Expected outcome: Everything returns to normal, and I’m not stuck in a “half-disabled” admin session.
Other ways I confirm a conflict (when Health Check isn’t enough)
Troubleshooting Mode finds most conflicts fast, but I still like a second signal before I blame a plugin publicly.
Here’s the quick comparison I use:
| Method | Best for | What I look for |
|---|---|---|
| Staging site | Risky changes, long test sessions | Whether the issue matches live behavior |
| Browser console | Front-end errors | JavaScript errors, blocked resources |
| PHP error logging | White screens, fatal errors | Stack traces, “undefined function,” memory issues |
A staging site is my favorite “next step” because I can reproduce traffic-like conditions and test updates. The browser console helps when a conflict is really a JavaScript collision. Meanwhile, PHP error logs tell the truth when the screen shows nothing.
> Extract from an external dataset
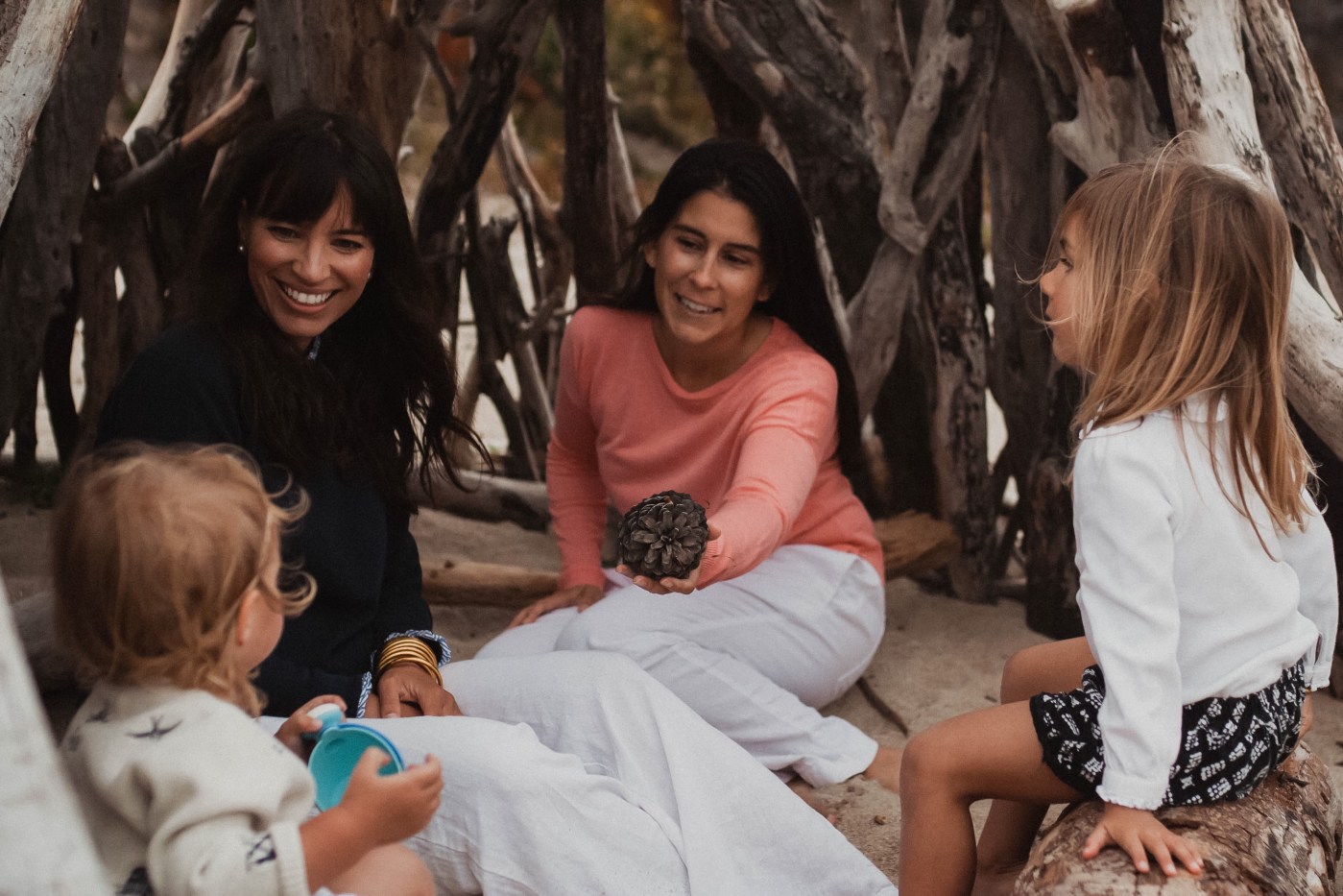 This past weekend we packed a few toys and invited some of our best girlfriends to enjoy a picnic and fun photo shoot at the beach. Thanks to one of our dearest friends, we found this epic little beach nook in Carmel. It’s got a perfect wind block in the form of rocky cliffs and these amazing hand-built driftwood teepee structures all up and down the beach. We had too much fun playing “house” with the girls and enjoying the open space (and time spent outside of the house!).

If you want another walkthrough from a support team angle, this article explains the same troubleshooting flow and why it works: address conflicts using Health Check troubleshooting.
Conclusion
When my site breaks after a plugin change, WordPress health check mode is my first move because it keeps visitors safe while I test. I enable Troubleshooting Mode, reproduce the bug, then turn plugins on one at a time until the issue returns. After that, I document what I found, fix or replace the plugin, and disable Troubleshooting Mode so everything goes back to normal.
If you’re stuck between two “maybe” plugins, run the test again and keep your notes tight. The pattern usually shows up on the second pass.